** RECORD EXTRACTS follows **

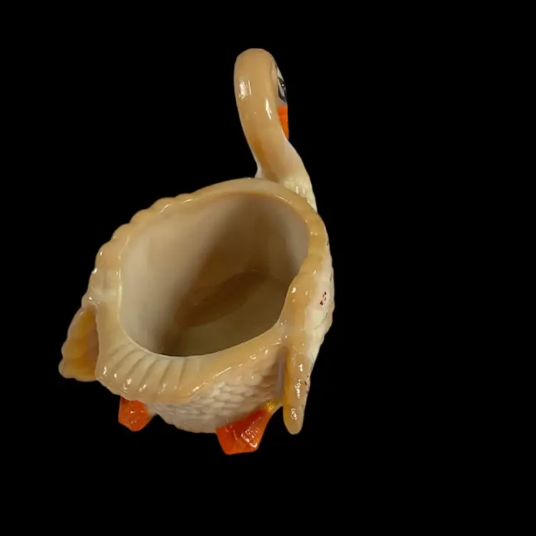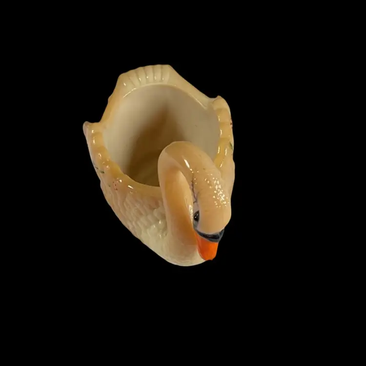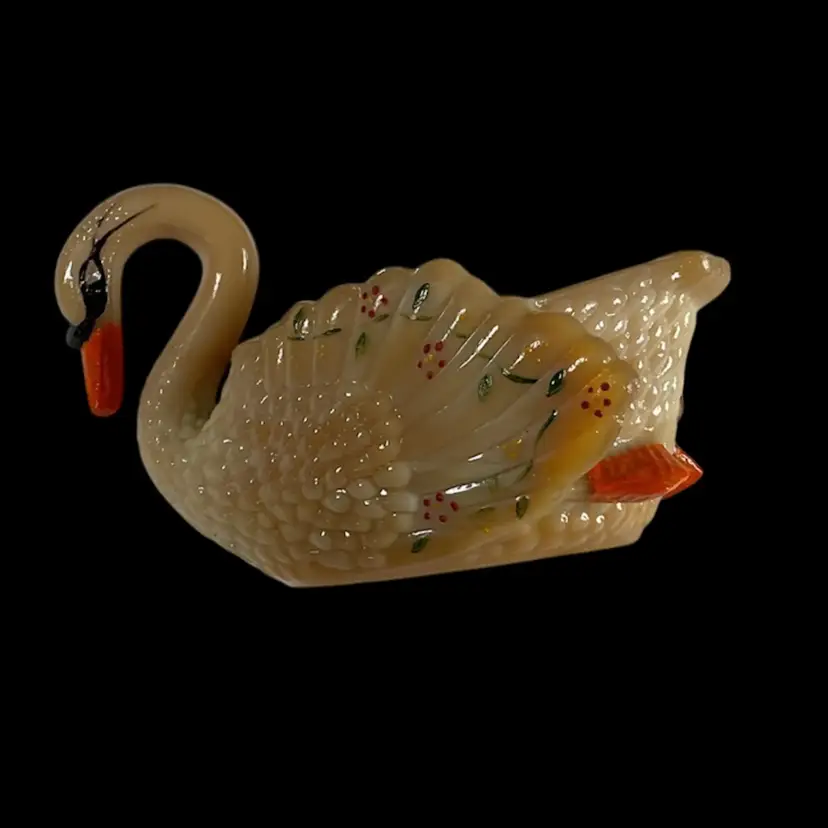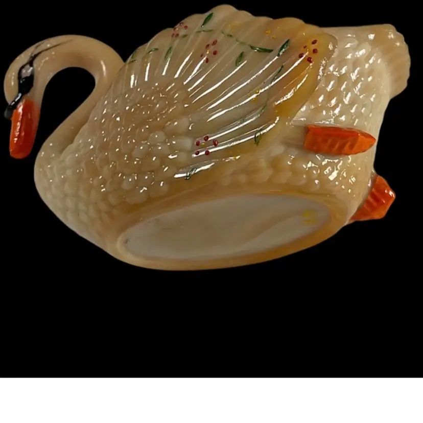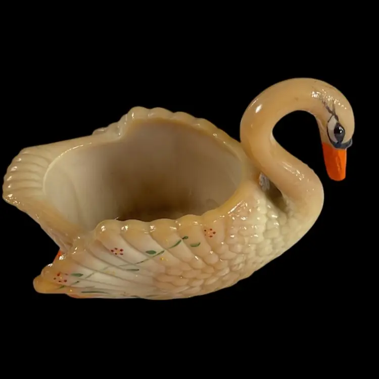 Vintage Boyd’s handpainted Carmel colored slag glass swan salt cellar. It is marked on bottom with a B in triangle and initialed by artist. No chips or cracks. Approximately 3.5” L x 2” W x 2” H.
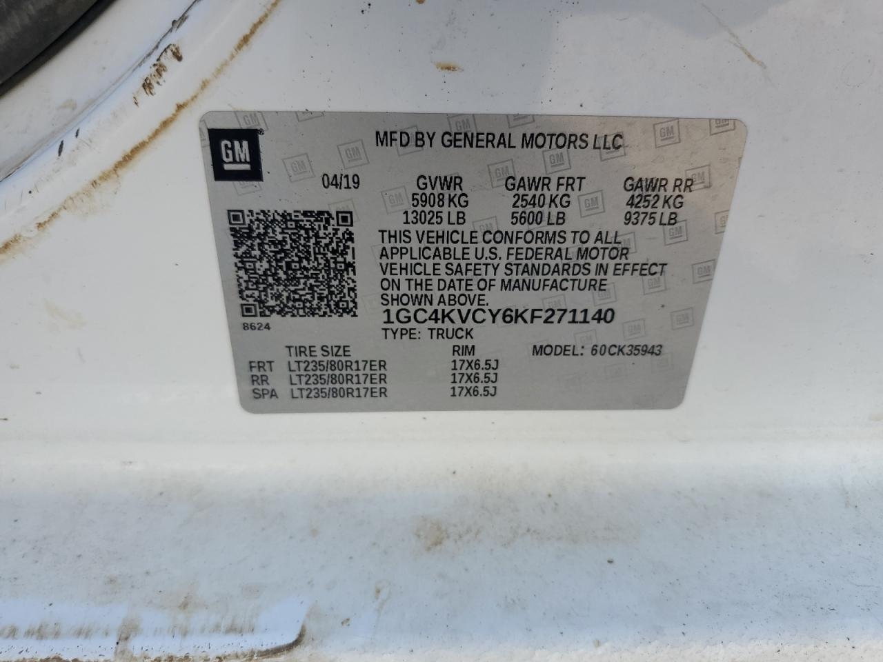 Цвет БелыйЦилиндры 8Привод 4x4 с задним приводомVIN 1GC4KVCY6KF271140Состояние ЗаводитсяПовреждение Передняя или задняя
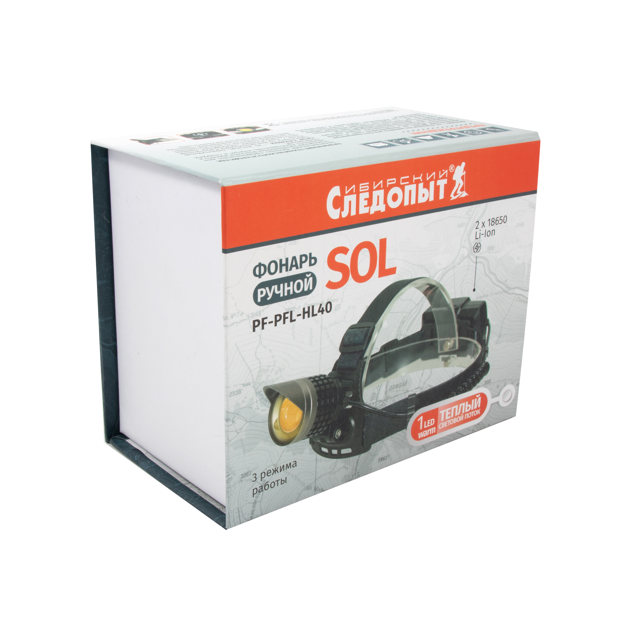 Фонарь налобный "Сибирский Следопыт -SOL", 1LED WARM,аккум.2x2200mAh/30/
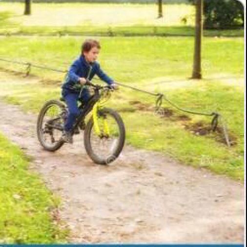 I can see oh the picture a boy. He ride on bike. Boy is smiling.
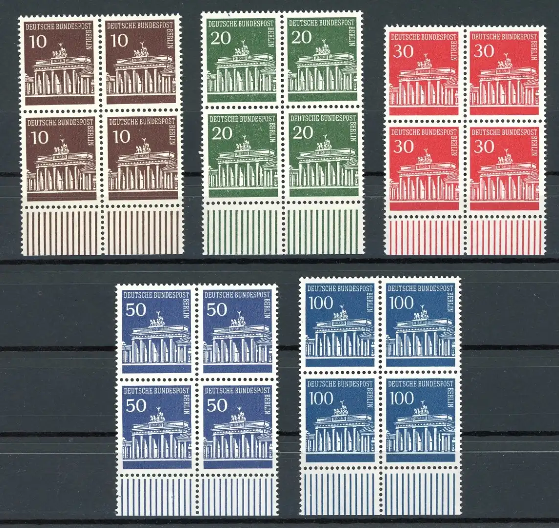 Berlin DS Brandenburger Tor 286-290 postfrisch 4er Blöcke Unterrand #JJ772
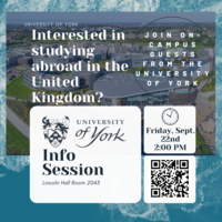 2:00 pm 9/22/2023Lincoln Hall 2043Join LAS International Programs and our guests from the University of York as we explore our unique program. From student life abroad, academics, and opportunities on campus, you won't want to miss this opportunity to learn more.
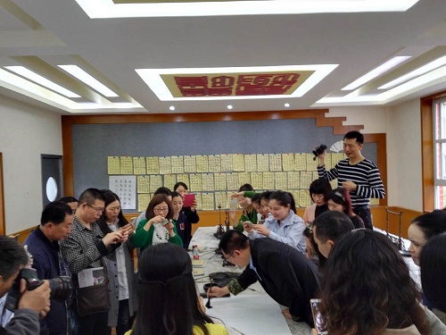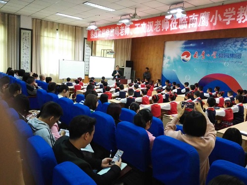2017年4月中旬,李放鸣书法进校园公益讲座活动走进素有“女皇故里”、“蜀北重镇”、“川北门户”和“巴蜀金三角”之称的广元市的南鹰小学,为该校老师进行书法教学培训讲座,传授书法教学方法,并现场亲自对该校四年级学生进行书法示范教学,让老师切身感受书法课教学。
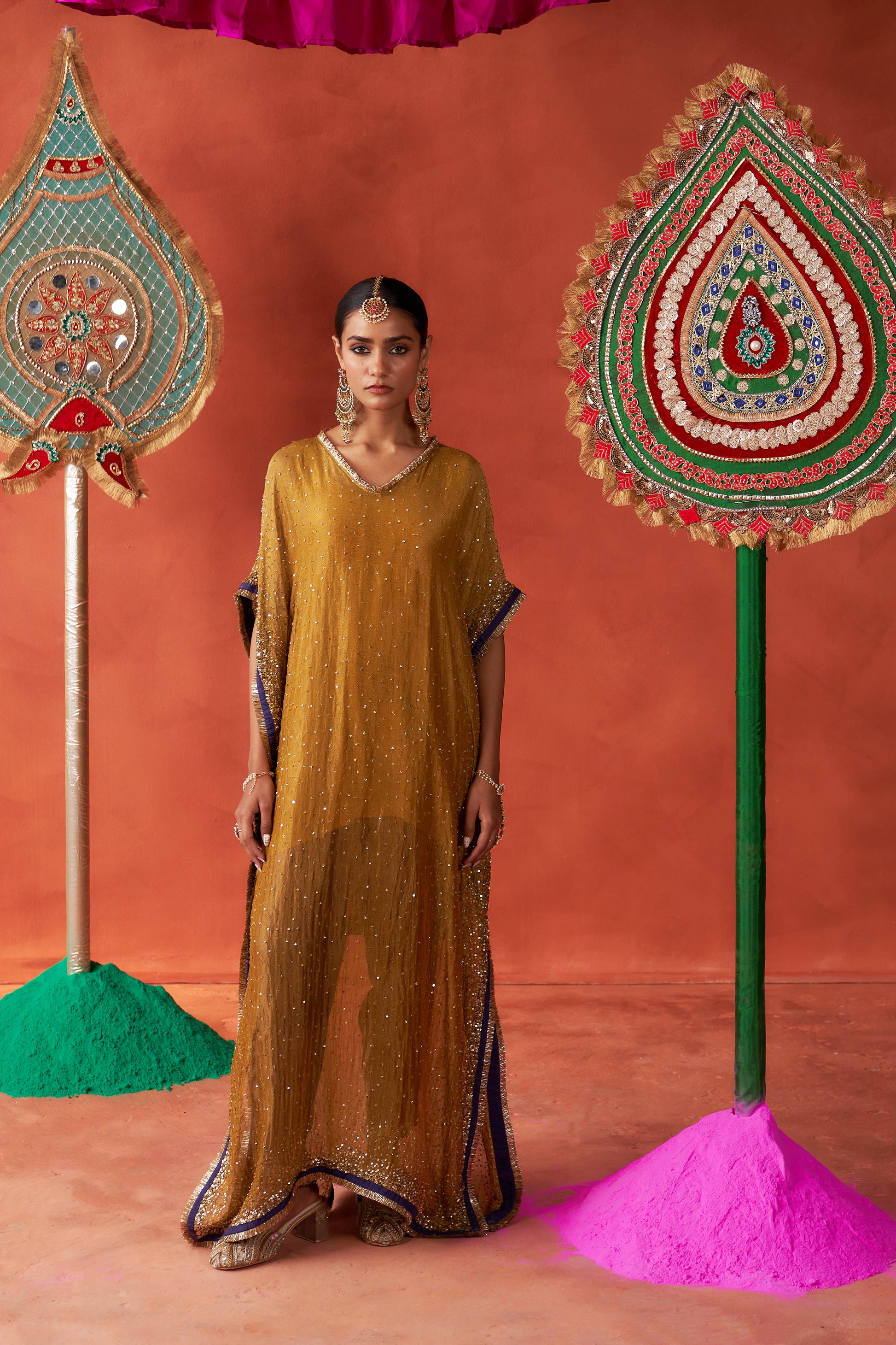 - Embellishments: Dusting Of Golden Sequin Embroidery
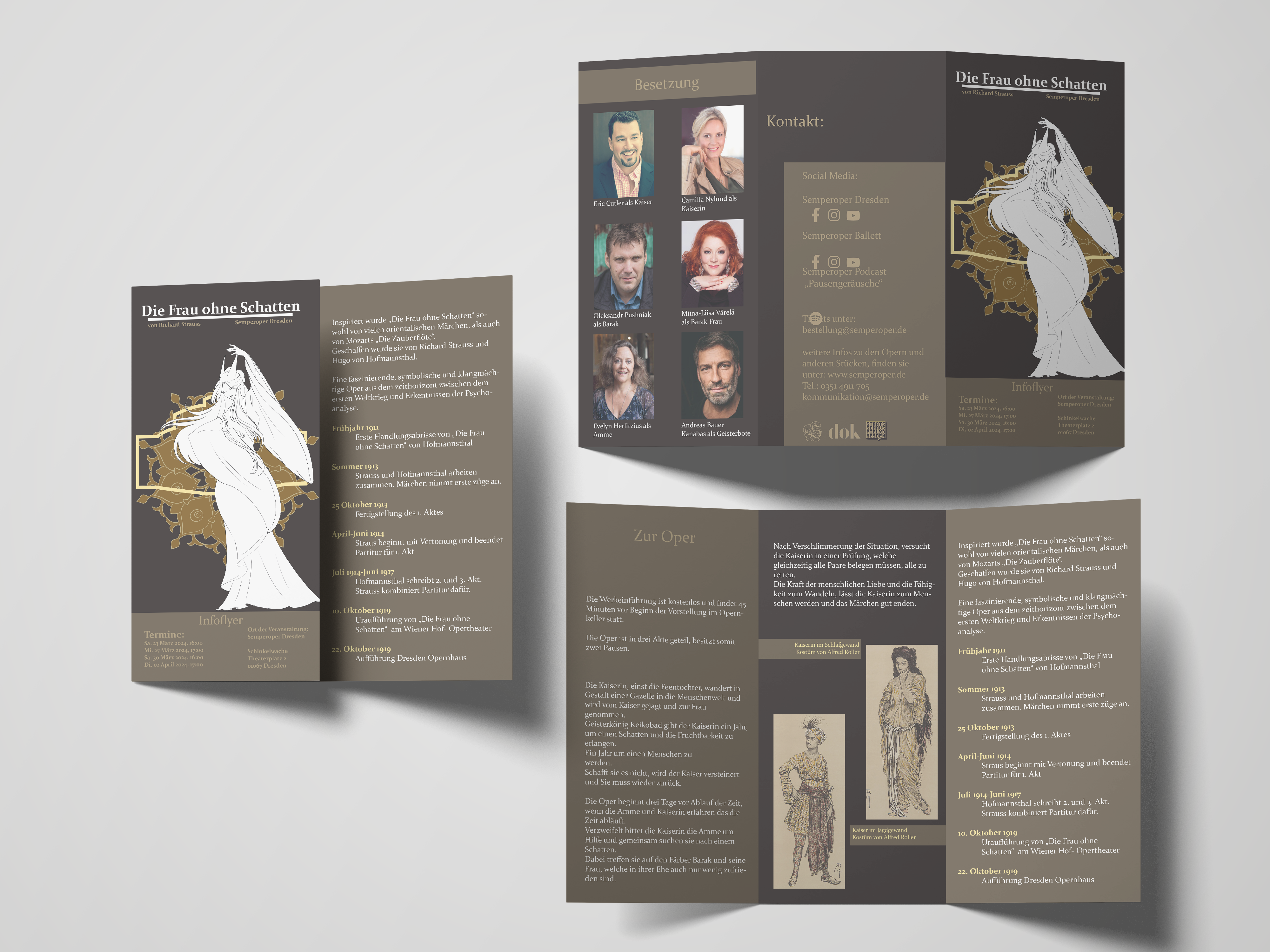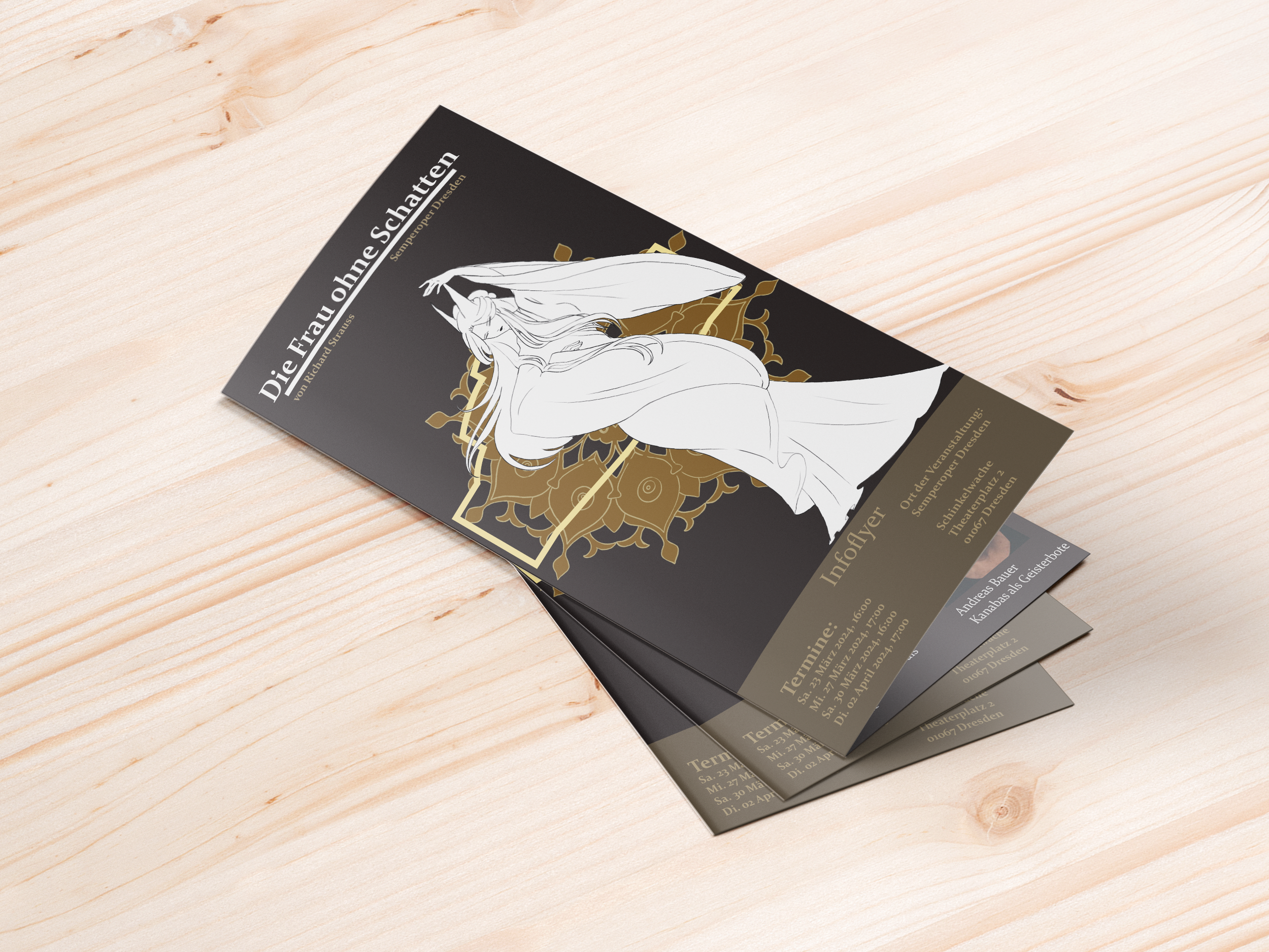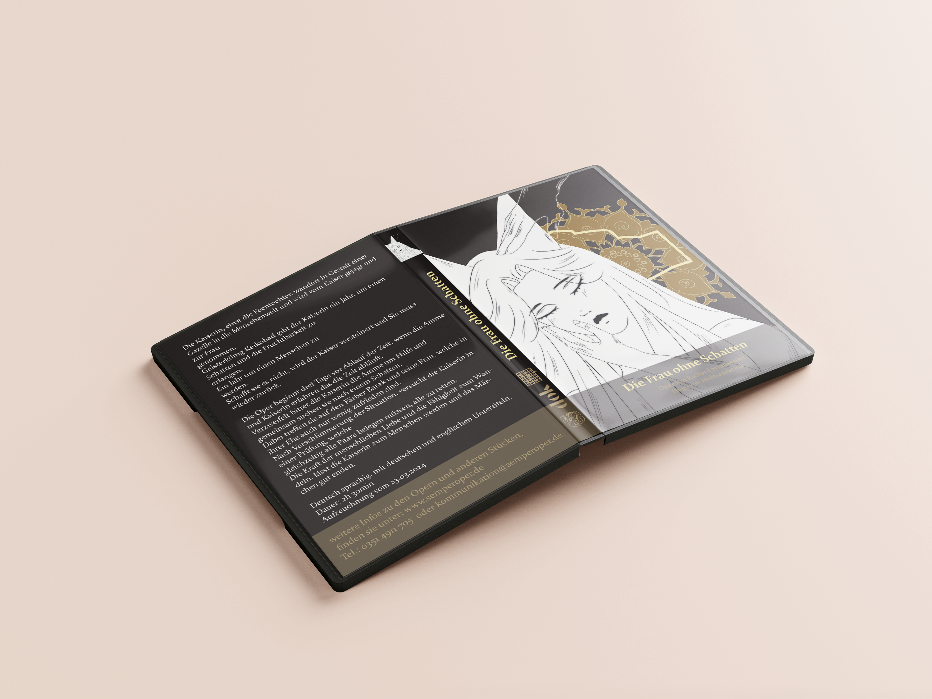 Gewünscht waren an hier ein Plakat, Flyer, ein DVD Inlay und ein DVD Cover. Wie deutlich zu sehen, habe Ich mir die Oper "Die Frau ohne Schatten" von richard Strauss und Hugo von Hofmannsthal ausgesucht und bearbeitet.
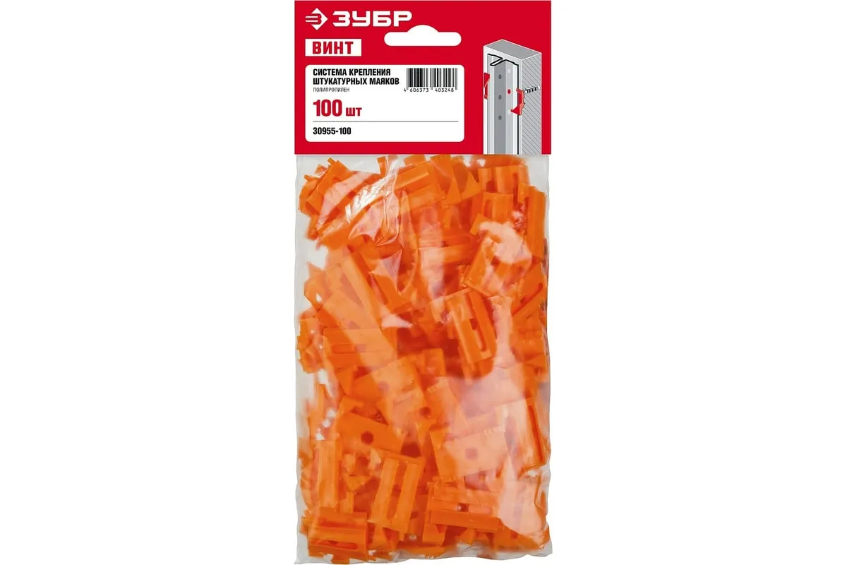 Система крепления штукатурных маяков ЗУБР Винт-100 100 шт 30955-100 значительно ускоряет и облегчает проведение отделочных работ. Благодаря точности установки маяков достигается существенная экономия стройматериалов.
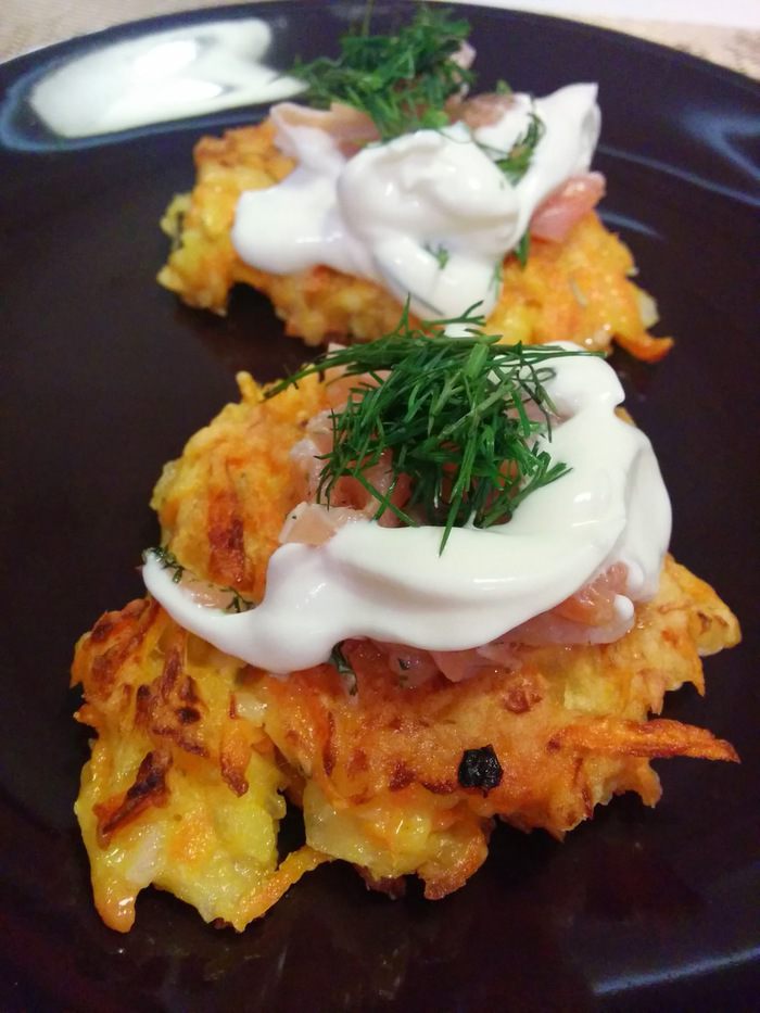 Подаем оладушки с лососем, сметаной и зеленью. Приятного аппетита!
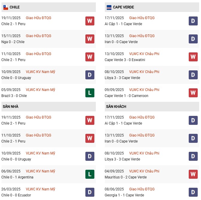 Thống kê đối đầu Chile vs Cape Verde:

** End of RECORD EXTRACTS **

ASSIGNED TASK: With the pictures omitted, reproduce the records in full and exactly.

WRITTEN REPLY:
 Vintage Boyd’s handpainted Carmel colored slag glass swan salt cellar. It is marked on bottom with a B in triangle and initialed by artist. No chips or cracks. Approximately 3.5” L x 2” W x 2” H.
 Цвет БелыйЦилиндры 8Привод 4x4 с задним приводомVIN 1GC4KVCY6KF271140Состояние ЗаводитсяПовреждение Передняя или задняя
 Фонарь налобный "Сибирский Следопыт -SOL", 1LED WARM,аккум.2x2200mAh/30/
 I can see oh the picture a boy. He ride on bike. Boy is smiling.
 Berlin DS Brandenburger Tor 286-290 postfrisch 4er Blöcke Unterrand #JJ772
 2:00 pm 9/22/2023Lincoln Hall 2043Join LAS International Programs and our guests from the University of York as we explore our unique program. From student life abroad, academics, and opportunities on campus, you won't want to miss this opportunity to learn more.
2017年4月中旬,李放鸣书法进校园公益讲座活动走进素有“女皇故里”、“蜀北重镇”、“川北门户”和“巴蜀金三角”之称的广元市的南鹰小学,为该校老师进行书法教学培训讲座,传授书法教学方法,并现场亲自对该校四年级学生进行书法示范教学,让老师切身感受书法课教学。
 - Embellishments: Dusting Of Golden Sequin Embroidery
 Gewünscht waren an hier ein Plakat, Flyer, ein DVD Inlay und ein DVD Cover. Wie deutlich zu sehen, habe Ich mir die Oper "Die Frau ohne Schatten" von richard Strauss und Hugo von Hofmannsthal ausgesucht und bearbeitet.
 Система крепления штукатурных маяков ЗУБР Винт-100 100 шт 30955-100 значительно ускоряет и облегчает проведение отделочных работ. Благодаря точности установки маяков достигается существенная экономия стройматериалов.
 Подаем оладушки с лососем, сметаной и зеленью. Приятного аппетита!
 Thống kê đối đầu Chile vs Cape Verde:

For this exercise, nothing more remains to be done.